In culture media with activated charcoal, the highest percentage of C. corcovadensis germination at 30 days was also observed in MC medium (45.4%), which differed significantly from the values observed in the other treatments (Tab. 3). At 90 days, in the 50MSC and 25MSC media, only 45.1% and 48.1% of spores germinated, respectively, whereas, in the MC medium, there were 75.8% of germinated spores. In cultures with D and DC media, intermediate values of spore germination were observed over time compared to values in the other media. Regardless of the culture medium and the period evaluated, higher percentages of germination were recorded in media without added activated charcoal than in the media with this component (Tab. 3).

The C. corcovadensis development of gametophytes was also influenced by the culture medium, with gametophytes in more advanced stages in M and D media (Tab. 3). On day 30 of cultivation, there were already approximately 60% of laminar gametophytes in the M medium, which differs significantly from the other media without activated charcoal.

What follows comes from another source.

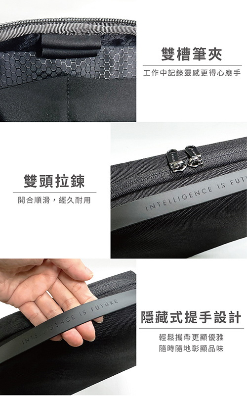 彈性收納夾層+雙槽筆夾 穩穩固定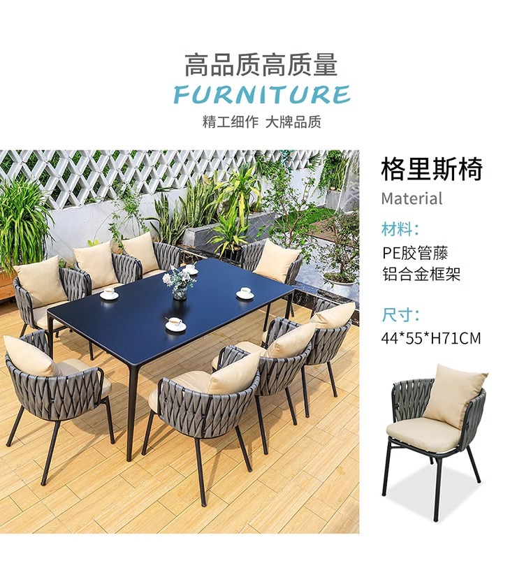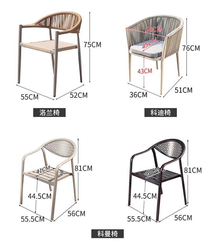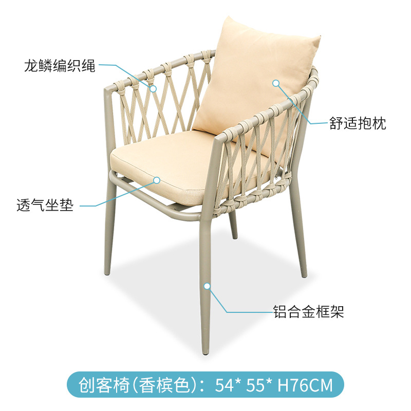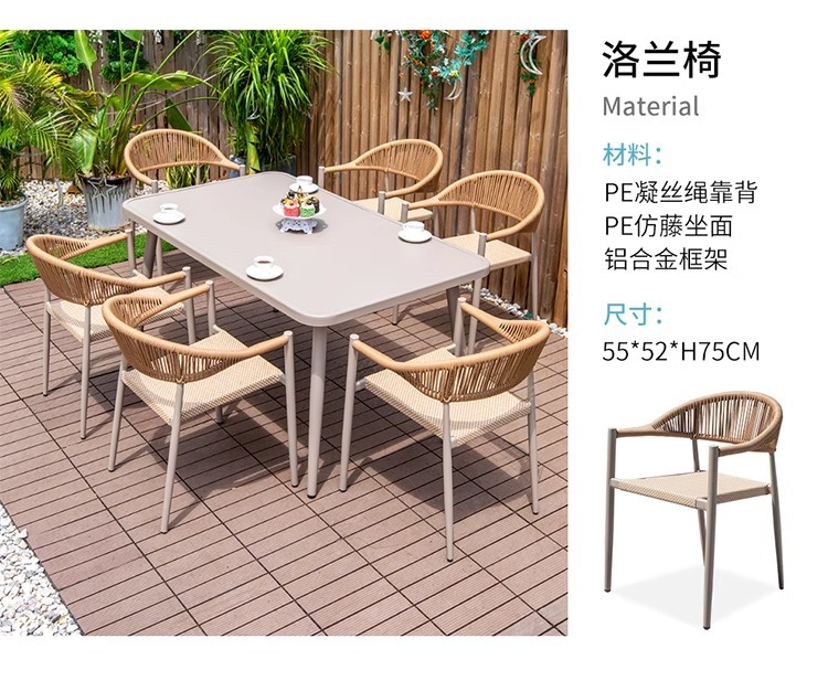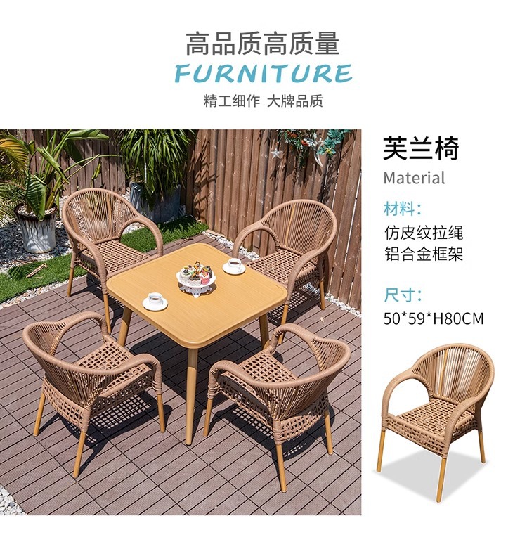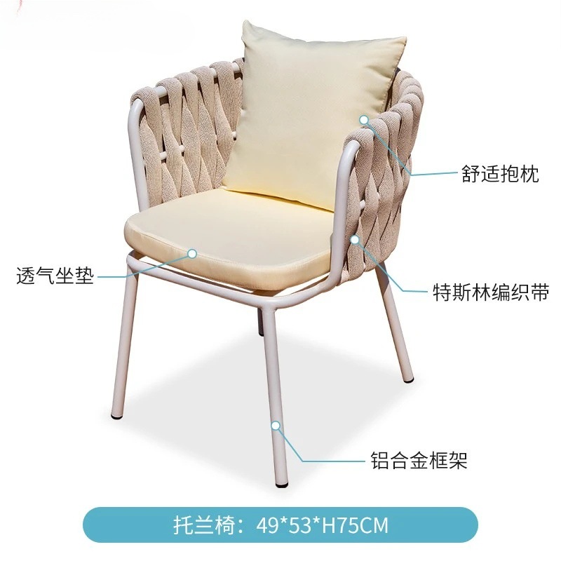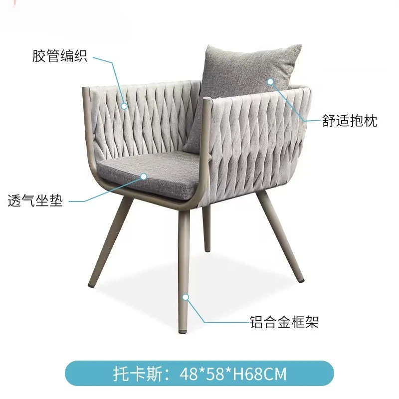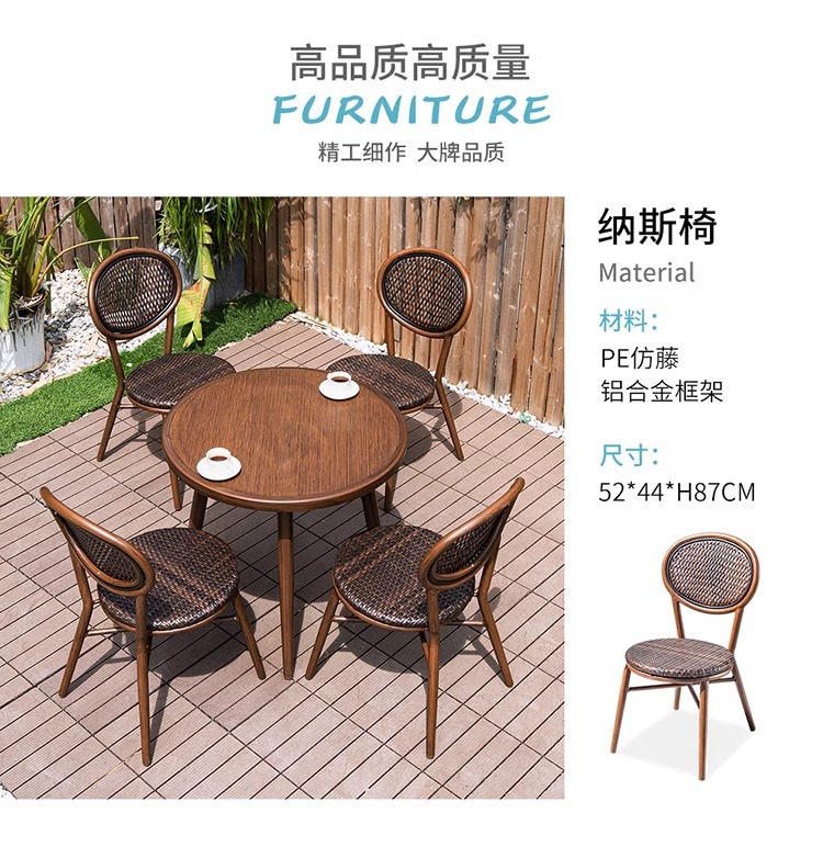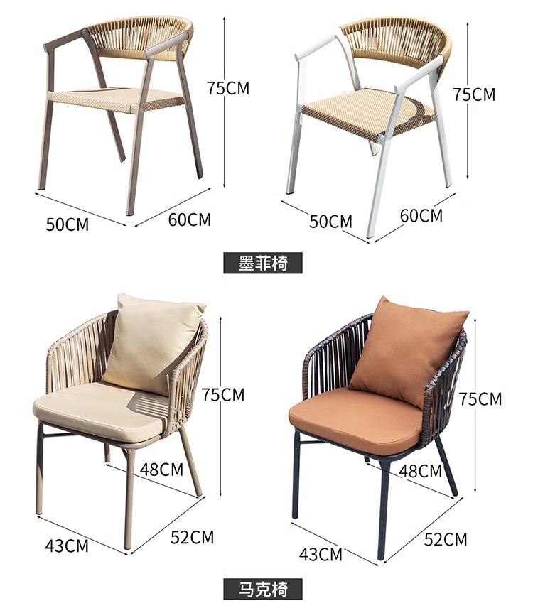 야외 북유럽 레저 등나무 의자 안뜰 야외 우유 차 가게 단일 등나무 의자 방수 태양 방지 식사 의자 등받이 의자

Even in the presence of charcoal, the MC medium provided a higher percentage of laminar gametophytes (36.6%) than the other treatments. In the 50MSC medium, less than 10% of the individuals were in this stage. Comparing the absence and presence of activated charcoal, all treatments with charcoal showed significantly lower percentages of laminar gametophytes than cultures without this component (Tab. 3). At the end of the experiment, on day 90, there was interaction between the tested treatments. In the D medium, there was an average of 70.8% of laminar gametophytes, statistically differing only from 25MS. However, in treatments with activated charcoal, the 50MSC medium provided the lowest average of laminar gametophytes (22%), whereas, in the MC and DC media, the averages were significantly higher. The same significant difference between the absence and presence of activated charcoal observed for germinated spores was recorded for laminar gametophytes development (Tab. 3).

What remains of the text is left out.